So, too, the PCGG's postulation that none of its members may be "required to testify or produce evidence in any judicial . . proceeding concerning matters
within its official cognizance," has no application to a judicial proceeding it has itself initiated. As just suggested, the act of bringing suit must entail a waiver
of the exemption from giving evidence; by bringing suit it brings itself within the operation and scope of all the rules governing civil actions, including the
rights and duties under the rules of discovery. Otherwise, the absurd would have to be conceded, that while the parties it has impleaded as defendants may
be required to "disgorge all the facts" within their knowledge and in their possession, it may not itself be subject to a like compulsion.

The State is, of course, immune from suit in the sense that it cannot, as a rule, be sued without its consent. But it is axiomatic that in filing an action, it
divests itself of its sovereign character and sheds its immunity from suit, descending to the level of an ordinary litigant. The PCGG cannot claim a superior or
preferred status to the State, even while assuming to represent or act for the State. 48

The suggestion 49
that the State makes no implied waiver of immunity by filing suit except when in so doing it acts in, or in matters concerning, its proprietary or
non-governmental capacity, is unacceptable; it attempts a distinction without support in principle or precedent. On the contrary —

The consent of the State to be sued may be given expressly or impliedly. Express consent may be manifested either through a general law or a
special law. Implied consent is given when the State itself commences litigation or when it enters into a contract. 50

The immunity of the State from suits does not deprive it of the right to sue private parties in its own courts. The state as plaintiff may avail itself of the different forms of actions open to private litigants. In short, by taking the initiative
in an action against the private parties, the state surrenders its privileged position and comes down to the level of the defendant. The latter automatically acquires, within certain limits, the right to set up whatever claims and other
defenses he might have against the state. . . . (Sinco, Philippine Political Law, Tenth E., pp. 36-37, citing U.S. vs. Ringgold, 8 Pet. 150, 8 L. ed. 899)" 51

It can hardly be doubted that in exercising the right of eminent domain, the State exercises its jus imperii, as distinguished from its proprietary rights or jus gestionis. Yet, even in that area, it has been held that where private property has been taken in
expropriation without just compensation being paid, the defense of immunity from suit cannot be set up by the State against an action for payment by the owner. 52

The Court also finds itself unable to sustain the PCGG's other principal contention, of the nullity of the Sandiganbayan's Order for the production and inspection of specified documents and things allegedly in its possession.

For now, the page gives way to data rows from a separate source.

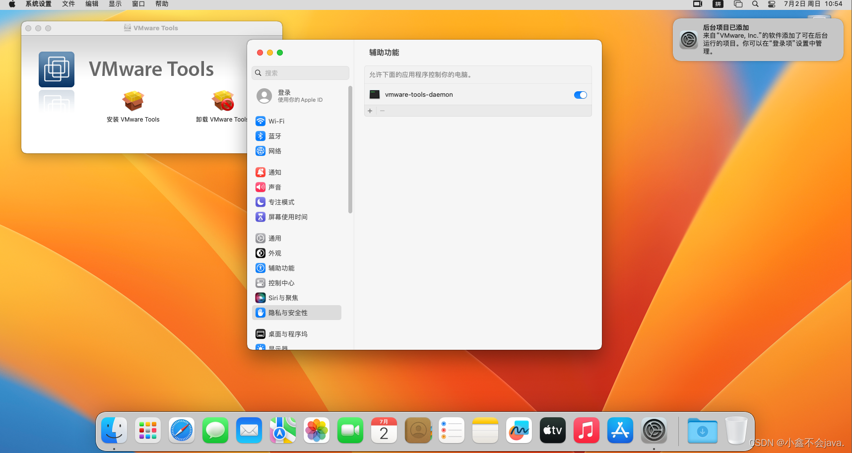 重启后在设置 隐私和安全性 辅助功能中设置允许vmware-tools-daemon控制你的电脑即可
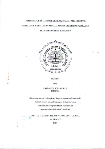 Faidatul Khasanah, 19116723 and Faisal, M.Ag., 2113027001 (2023) Peran Guru Akidah Akhlak dalam Membentuk Akhlakul Karimah di MTs Al-Mansyuriyah Banjurpasar Buluspesantren Kebumen. Other thesis, Institut Agama Islam Nahdlatul Ulama ( IAINU Kebumen).
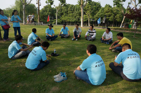 吃著勝利的果實,我們奔赴下一站---森林公園。這個生態(tài)原始,寧靜悠遠的地方,門口的瀑布給人很強的視覺沖擊力,大家趕緊留影拍照。游園走累了,便圍坐在一起玩起了一種“天黑請閉眼”的游戲,湯總做起了“法官”,這是一種智力游戲,考驗大家的邏輯推理能力。寧靜的公園,美麗的景色,讓人不得不感慨:生態(tài)的美好!

The Court gives short shrift to the argument that some documents sought to be produced and inspected had already been presented in Court and marked preliminarily as PCGG's exhibits, the movants having in fact viewed, scrutinized and even
offered objections thereto and made comments thereon. Obviously, there is nothing secret or confidential about these documents. No serious objection can therefore be presented to the desire of the private respondents to have copies of those
documents in order to study them some more or otherwise use them during the trial for any purpose allowed by law.

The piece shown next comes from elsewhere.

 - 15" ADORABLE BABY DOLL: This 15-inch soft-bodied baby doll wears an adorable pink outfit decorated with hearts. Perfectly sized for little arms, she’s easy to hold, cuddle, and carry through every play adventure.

The PCGG says that some of the documents are non-existent. This it can allege in response to the corresponding question in the interrogatories, and it will incur no sanction for doing so unless it is subsequently established that the denial is false.

The claim that use of the documents is proscribed by Executive Order No. 1 has already been dealt with. The PCGG is however at liberty to allege and prove that said documents fall within some other privilege, constitutional or statutory.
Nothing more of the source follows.